Ein weiterer großer Vorteil dieser Elektro-Räder ist, daß sie wie ein normales Fahrrad ohne Versicherungsschutz, Helm und Fahrerlaubnis benutzt werden können. Allerdings darf der Motor höchstens bis zu einer Geschwindigkeit von 25 km/h mithelfen. So verlangen es nun mal die in Deutschland geltenden Bestimmungen. - Es sei denn, man würde das Rad als Mofa oder Moped zulassen, was aber mit der Benutzung eines schweren, schweißtreibenden Integralhelms verbunden wäre - für Radfahrer eine unzumutbare Auflage, die der Freude am Fahren ebenso zuwiderliefe wie der erwünschten größeren Geschwindigkeit.
Dieses behördliche Tempolimit ist sicher nicht der Weisheit letzter Schluß: Es legt den elektrisch unterstützten Rädern Fesseln an, die eine sportliche Fahrweise und damit auch den Erfolg am Markt behindern. Denn alle Elektro-Räder sind bauartbedingt keine Leichtgewichte. Aufgrund von Batterie, Motor und insgesamt stabilerer Ausführung bringen sie durchschnittlich etwa zehn Kilo mehr auf die Waage als ein normales Fahrrad. Ferner sind sie, je nach Konstruktion des Antriebs, mitunter etwas schwergängiger. Deshalb lohnt es kaum die Mühe, sie per Muskelkraft über die Grenze der Motorunterstützung hinaus beschleunigen zu wollen. Gleiches gilt für die Fortbewegung ohne Zusatzantrieb, die natürlich auch möglich ist. Um so wichtiger ist es, daß dem elektrischen Rückenwind keine unnötigen Beschränkungen auferlegt werden.
In der Schweiz, wo ohnehin jedes Fahrrad ein Versicherungsschild braucht, dürfen elektrisch unterstützte Räder als Mofa beliebig schnell gefahren werden. Neuerdings ist nicht mal mehr ein Fahrradhelm vorgeschrieben. Dort ist deshalb die "Schnelle Schweizer Klasse" zuhause, die den Fahrer bis 40 km/h unterstützt: Das "Velocity" oder der "Flyer" ermöglichen Fahrgeschwindigkeiten um 35 km/h und Spitzengeschwindigkeiten bis zu 50 km/h. - Ein Fahrvergnügen, von dem die Elektroradler hierzulande nur träumen können (sofern sie nicht doch heimlich einen solchen Flitzer im Stall haben und damit etwas außerhalb der Legalität durch die Landschaft düsen).
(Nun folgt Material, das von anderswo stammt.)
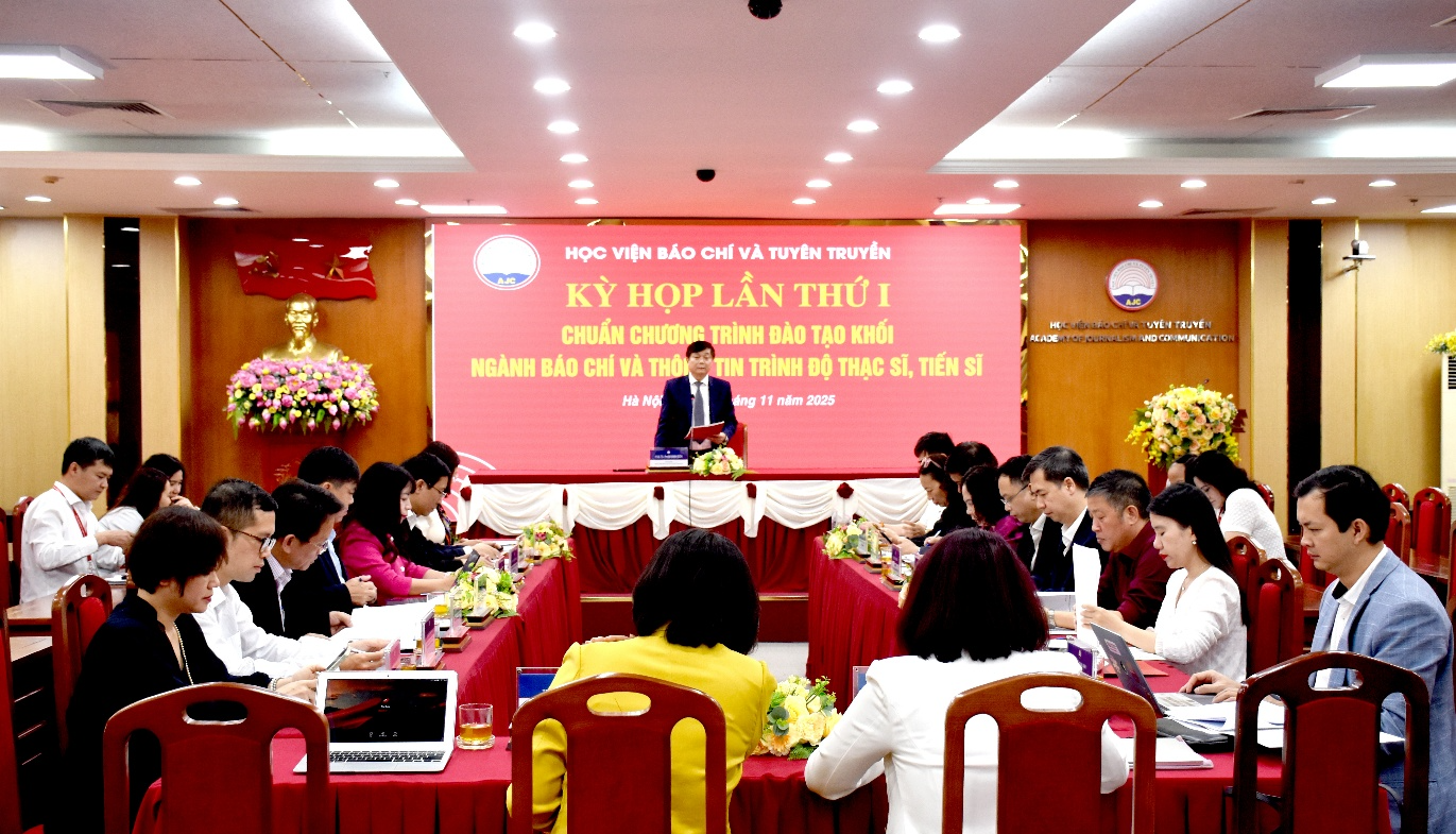 Chiều 14/11/2025, tại Hà Nội, Học viện Báo chí và Tuyên truyền tổ chức Kỳ họp thứ Nhất của Hội đồng tư vấn xây dựng Chuẩn chương trình đào tạo khối ngành Báo chí và thông tin trình độ thạc sĩ, tiến sĩ. Đây là bước khởi động quan trọng nhằm hoàn thiện hệ thống chuẩn chương trình theo đúng tiến độ Bộ Giáo dục và Đào tạo giao.

Die Elektromotoren treiben entweder das Hinterrad oder das Kettenrad. Bei vielen Ausführungen sind sie als Nabenmotor ins Hinterrad integriert. Sie erbringen Leistungen zwischen 100 und 400 Watt. Zum Vergleich: 100 Watt sind ausreichend, um ein Rad in der Ebene fortzubewegen. Ein sportlich geübter Fahrer kann etwa eine Stunde lang mit der doppelten Leistung in die Pedale treten. Der Strom kommt meistens aus Nickel-Cadmium-Zellen, seltener aus einer Blei-Gel-Batterie. Bei einigen Modellen lassen sich die Batterien abnehmen und separat aufladen, so daß die Steckdose sich nicht unbedingt am Abstellplatz befinden muß.
In Japan erzielt die Fahrradindustrie schon ein Fünftel ihres Umsatzes mit "power assist bikes". Sie werden besonders von Angestellten geschätzt, die trotz strenger Kleiderordnung (Krawatte!) unverschwitzt im Büro ankommen möchten.
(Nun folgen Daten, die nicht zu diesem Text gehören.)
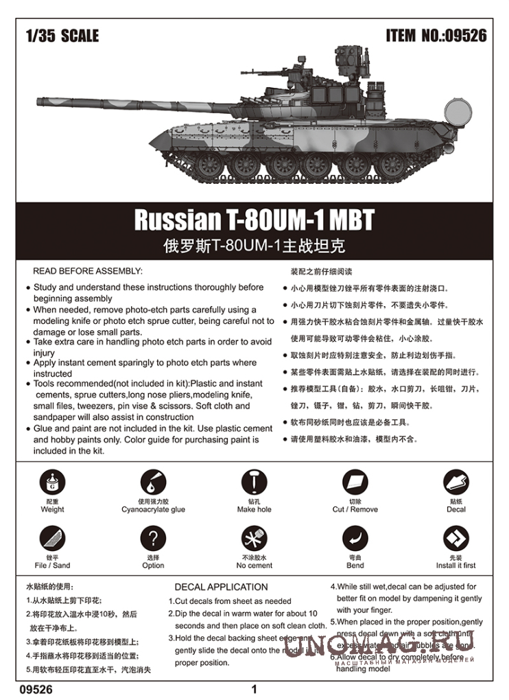 Сборная модель Russian танк Т-80UM-1 MBT
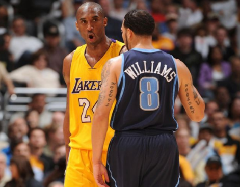 博球00701月27日讯 前NBA球员德隆-威廉姆斯今日更新Instagram晒出一张与已故湖人名宿科比-布莱恩特的昔日赛场照(见新闻配图)
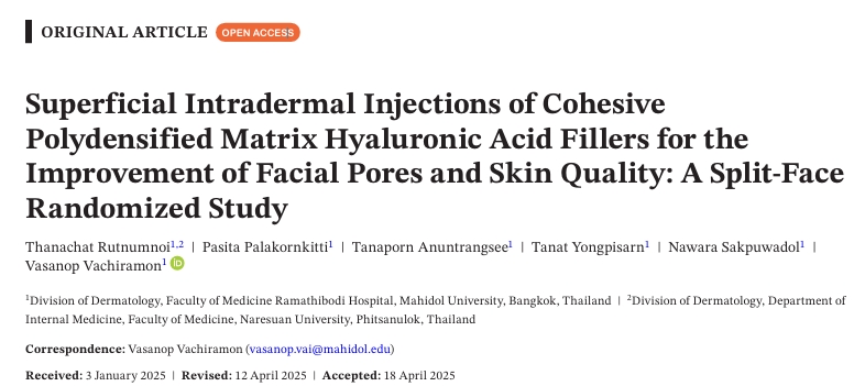 “根據文獻,將不同性質玻尿酸利用中胚層注射於30名臉部毛孔粗大的患者(隨機分配進行分臉測試) 3次療程,各間隔 4 週;結果顯示利用「保柔緹玻尿酸」,皮膚保濕度從基線到第 32 週(8個月)均有所改善。
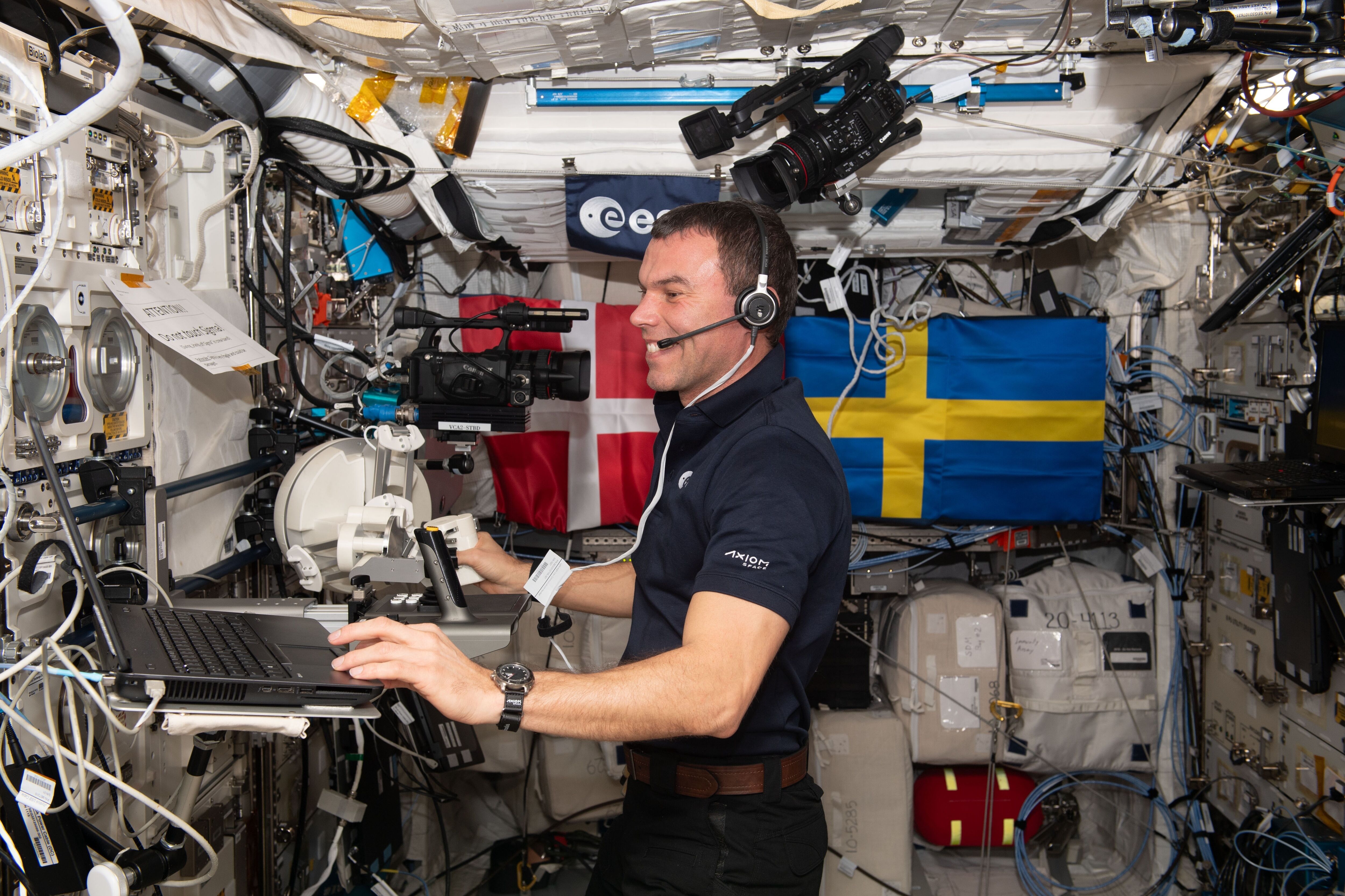 Marcus Wandt in Cupola with Swedish flag

Auch bei uns sind Elektro-Räder mit kombiniertem Muskel- und Motorantrieb auf dem Vormarsch, wie jüngst die Internationale Fahrrad- und Motorrad-Ausstellung (IFMA) in Köln zeigte. Insgesamt wurden dort gut zwei Dutzend Elektro-Räder vorgestellt. Die meisten waren elektrisch unterstützte Fahrräder.
Die Preise für ein komplettes Rad liegen zwischen 2300 DM und über 6000 DM. Das Gefährt von Mercedes kostet beispielsweise 3250 Mark - einen Tausender mehr als das billigste konventionelle Fahrrad für 2150 Mark aus demselben Mercedes-Katalog, aber noch immer viel weniger als ein ebenfalls muskelbetriebenes "Mountain Bike Full Suspension Exklusive" für knapp 5000 Mark.
Die finanzielle Hürde ist somit bei Elektrorädern eine ganze Größenordnung niedriger als bei der Anschaffung eines Elektroautos. Für Neugierige, Freaks und Trendsetter ist diese Anschaffung eher eine Frage der inviduellen Budget-Einteilung ("man gönnt sich ja sonst nichts") als der grundsätzlichen Erschwinglichkeit. Die Kosten-Nutzen-Rechnung muß nicht unbedingt aufgehen; per Saldo zählt der Spaß. Von daher dürfte das Elektrorad als Alltags-oder Fun-Vehikel größere Chancen haben, als dies momentan beim Elektroauto der Fall ist.
Der Herausgeber des Buches, Hannes Neupert, gilt als der wohl beste Kenner des Elektrofahrräder-Angebots. Er ist Mitbegründer und Vorsitzender des Vereins "extra energy", der sich eine "ökologisch und sozial sinnvolle Weiterentwicklung menschlicher Transportmittel" zum Ziel gesetzt hat. Neupert und seine Mitautoren haben damit einen deutlich andersgearteten Ansatz als den bloßen Wunsch, von A nach B zu kommen, der das herkömmliche Fahrrad mit Hilfsmotor hervorbrachte und zum Vehikel von Leuten abstempelte, die trotz lahmer Lenden und schlapper Brieftasche irgendwie vorankommen wollen.
Die Fahrradhersteller wissen die Bemühungen des Vereins "extra energy" inzwischen zu schätzen. So stellen sie ihm kostenlos ihre Elektroräder zur Verfügung, um sie nach einheitlichen Kriterien zu testen und eine bessere Vergleichbarkeit zu ermöglichen. Oder sie unterstützen die Auftritte des Vereins bei Messen wie jüngst auf der "Intercycle" in Köln, wo die Besucher alle Arten von Elektrorädern ausprobieren konnten. In dem Buch mitverwertet wurden erste Erfahrungen aus dem jüngsten Test, den "extra energy" mit insgesamt etwa fünfzig Rädern durchführte und vor kurzem abschloß. Die wichtigsten Ergebnisse, die bei Drucklegung des Buches noch nicht vorlagen, sind nachzulesen in der Zeitschrift "aktiv Radfahren" (4/98), im ADFC-Magazin Radwelt (5/98) und im Elektrofahrzeuge-Magazin "Mobil E" (2/98).